Task prompt - Each record must be repeated exactly as it stands.

• • • •

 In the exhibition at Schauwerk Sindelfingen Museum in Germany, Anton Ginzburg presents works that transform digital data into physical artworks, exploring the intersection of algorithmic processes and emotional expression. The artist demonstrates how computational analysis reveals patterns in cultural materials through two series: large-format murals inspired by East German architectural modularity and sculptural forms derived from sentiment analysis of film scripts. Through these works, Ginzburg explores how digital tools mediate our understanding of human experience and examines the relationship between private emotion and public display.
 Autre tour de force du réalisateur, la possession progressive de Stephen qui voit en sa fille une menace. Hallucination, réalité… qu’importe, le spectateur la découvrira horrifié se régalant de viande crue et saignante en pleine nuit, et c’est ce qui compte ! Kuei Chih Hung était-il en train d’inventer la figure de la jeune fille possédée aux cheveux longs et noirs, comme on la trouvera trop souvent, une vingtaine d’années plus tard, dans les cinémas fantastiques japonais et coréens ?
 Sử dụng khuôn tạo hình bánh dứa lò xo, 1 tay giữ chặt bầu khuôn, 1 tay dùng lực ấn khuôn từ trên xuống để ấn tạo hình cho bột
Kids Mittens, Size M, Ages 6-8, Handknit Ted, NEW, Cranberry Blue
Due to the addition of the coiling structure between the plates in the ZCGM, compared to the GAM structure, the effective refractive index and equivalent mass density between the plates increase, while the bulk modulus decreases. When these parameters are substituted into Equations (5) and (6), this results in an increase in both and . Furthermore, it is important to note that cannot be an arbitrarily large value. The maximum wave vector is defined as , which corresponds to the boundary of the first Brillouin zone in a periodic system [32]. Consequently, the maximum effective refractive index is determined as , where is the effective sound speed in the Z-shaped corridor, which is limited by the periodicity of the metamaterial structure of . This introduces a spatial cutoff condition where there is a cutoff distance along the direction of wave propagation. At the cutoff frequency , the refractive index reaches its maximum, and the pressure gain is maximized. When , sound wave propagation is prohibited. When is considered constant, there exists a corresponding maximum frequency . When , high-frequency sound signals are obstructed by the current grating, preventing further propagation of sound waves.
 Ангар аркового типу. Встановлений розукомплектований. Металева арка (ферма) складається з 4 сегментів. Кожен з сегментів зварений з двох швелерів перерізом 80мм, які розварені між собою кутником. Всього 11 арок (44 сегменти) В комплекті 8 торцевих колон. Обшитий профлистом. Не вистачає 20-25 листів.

• • • •

Response to the exercise -
 In the exhibition at Schauwerk Sindelfingen Museum in Germany, Anton Ginzburg presents works that transform digital data into physical artworks, exploring the intersection of algorithmic processes and emotional expression. The artist demonstrates how computational analysis reveals patterns in cultural materials through two series: large-format murals inspired by East German architectural modularity and sculptural forms derived from sentiment analysis of film scripts. Through these works, Ginzburg explores how digital tools mediate our understanding of human experience and examines the relationship between private emotion and public display.
 Autre tour de force du réalisateur, la possession progressive de Stephen qui voit en sa fille une menace. Hallucination, réalité… qu’importe, le spectateur la découvrira horrifié se régalant de viande crue et saignante en pleine nuit, et c’est ce qui compte ! Kuei Chih Hung était-il en train d’inventer la figure de la jeune fille possédée aux cheveux longs et noirs, comme on la trouvera trop souvent, une vingtaine d’années plus tard, dans les cinémas fantastiques japonais et coréens ?
 Sử dụng khuôn tạo hình bánh dứa lò xo, 1 tay giữ chặt bầu khuôn, 1 tay dùng lực ấn khuôn từ trên xuống để ấn tạo hình cho bột
Kids Mittens, Size M, Ages 6-8, Handknit Ted, NEW, Cranberry Blue
Due to the addition of the coiling structure between the plates in the ZCGM, compared to the GAM structure, the effective refractive index and equivalent mass density between the plates increase, while the bulk modulus decreases. When these parameters are substituted into Equations (5) and (6), this results in an increase in both and . Furthermore, it is important to note that cannot be an arbitrarily large value. The maximum wave vector is defined as , which corresponds to the boundary of the first Brillouin zone in a periodic system [32]. Consequently, the maximum effective refractive index is determined as , where is the effective sound speed in the Z-shaped corridor, which is limited by the periodicity of the metamaterial structure of . This introduces a spatial cutoff condition where there is a cutoff distance along the direction of wave propagation. At the cutoff frequency , the refractive index reaches its maximum, and the pressure gain is maximized. When , sound wave propagation is prohibited. When is considered constant, there exists a corresponding maximum frequency . When , high-frequency sound signals are obstructed by the current grating, preventing further propagation of sound waves.
 Ангар аркового типу. Встановлений розукомплектований. Металева арка (ферма) складається з 4 сегментів. Кожен з сегментів зварений з двох швелерів перерізом 80мм, які розварені між собою кутником. Всього 11 арок (44 сегменти) В комплекті 8 торцевих колон. Обшитий профлистом. Не вистачає 20-25 листів.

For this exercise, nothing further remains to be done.